Incapsula is a web application delivery platform that can be used to prevent scraping.
I am working in Python and Scrapy and I found this, but it seems to be out-of-date and not working with current Incapsula. I tested the Scrapy middleware with my target website and I got IndexErrors owing to the fact that the middleware was unable to extract some obfuscated parameter.
Is it possible to adapt this repo or has Incapsula now changed in its mode of operation?

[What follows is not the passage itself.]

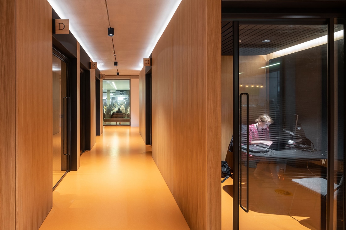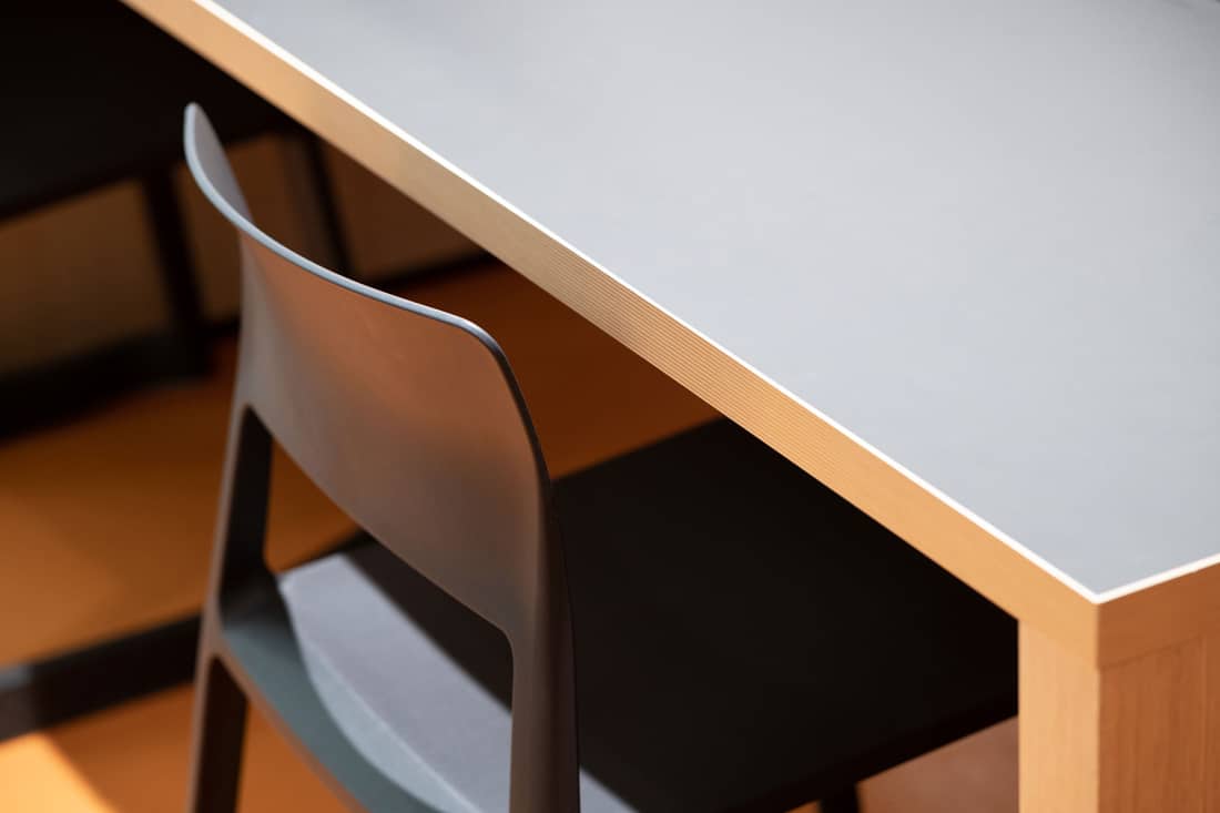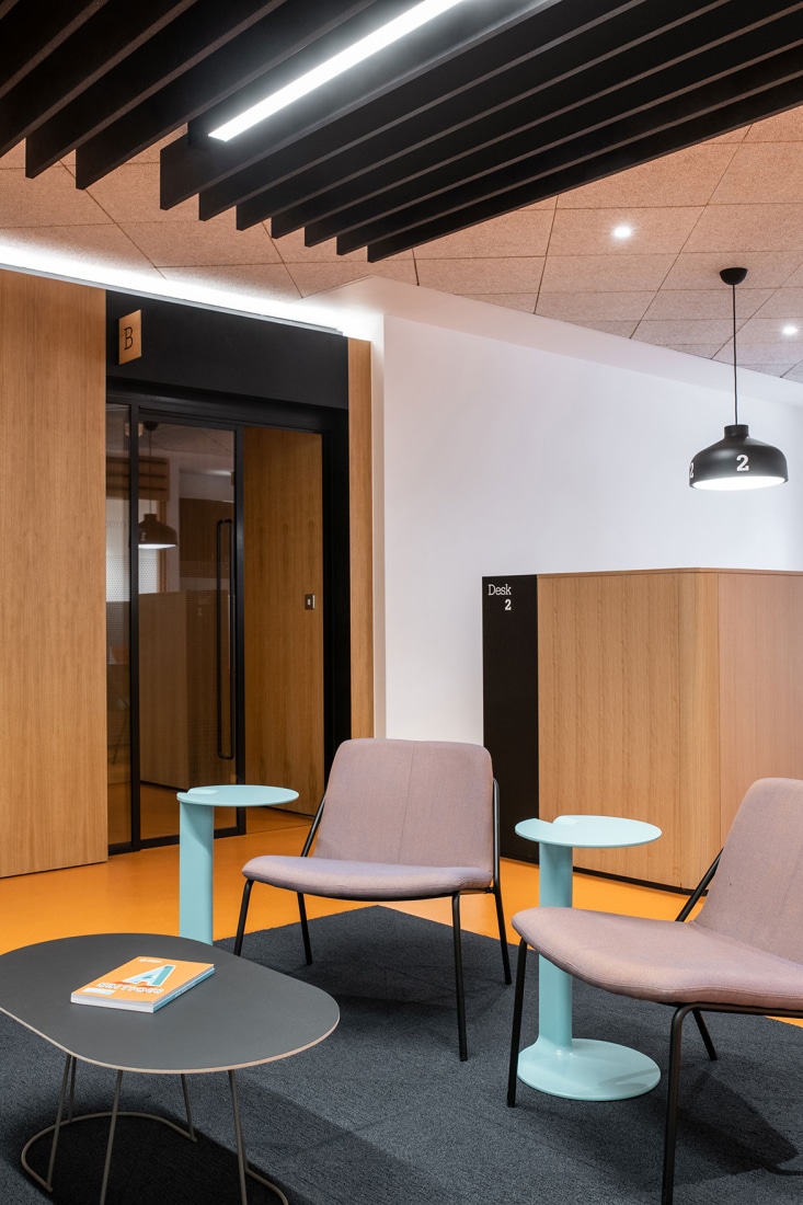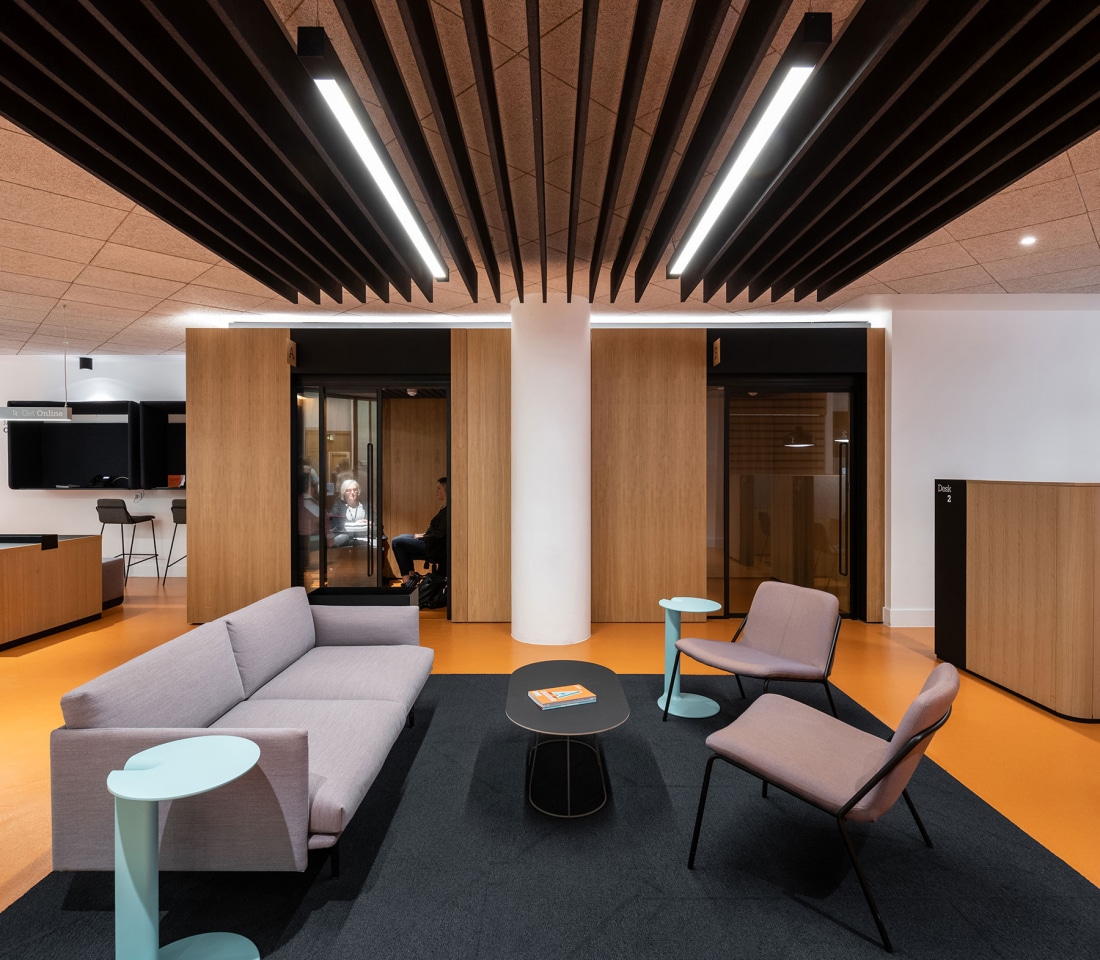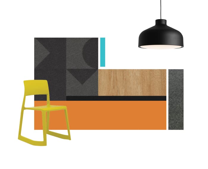 Materials for these parts were selected for their ability to blend with most finishes; thereby allowing for flexibility and relocation as required. To define each hub, accent colours are used within the flooring and loose furniture to add a bold, fun and unique element to the design.

I'm curious also as to how I can "copy as cURL" the request in from chrome dev tools to my target page, and the chrome response contains the user content, yet the curl response is an "incapsula incident" page. This is for chrome with cookies initially cleared.....
curl 'https://www.radarcupon.es/tienda/fotoprix.com'
-H 'pragma: no-cache' -H 'dnt: 1' -H 'accept-encoding: gzip, deflate, br'
-H 'accept-language: en-GB,en-US;q=0.9,en;q=0.8'
-H 'upgrade-insecure-requests: 1'
-H 'user-agent: Mozilla/5.0 (X11; Linux x86_64) AppleWebKit/537.36 (KHTML, like Gecko) Ubuntu Chromium/62.0.3202.94 Chrome/62.0.3202.94 Safari/537.36'
-H 'accept: text/html,application/xhtml+xml,application/xml;q=0.9,image/webp,image/apng,*/*;q=0.8'
-H 'cache-control: no-cache' -H 'authority: www.radarcupon.es'
--compressed
I was expecting the first request from both to return something like a javascript challenge, which would set a cookie, but it doesn't seem to quite work like that now?
It's difficult to give a specific answer because Incapsula has a very detailed rules engine that can be used to block or challenge requests. Cookie detection and Javascript support are the two most common data points used to identify suspicious traffic; user agent strings, headers, and behavior originating from the client IP address (requests per minute, AJAX requests, etc) can also cause Incapsula to challenge traffic. The DDoS protection feature blocks requests aggressively if it is not configured sensibly relative to the amount of traffic a site sees.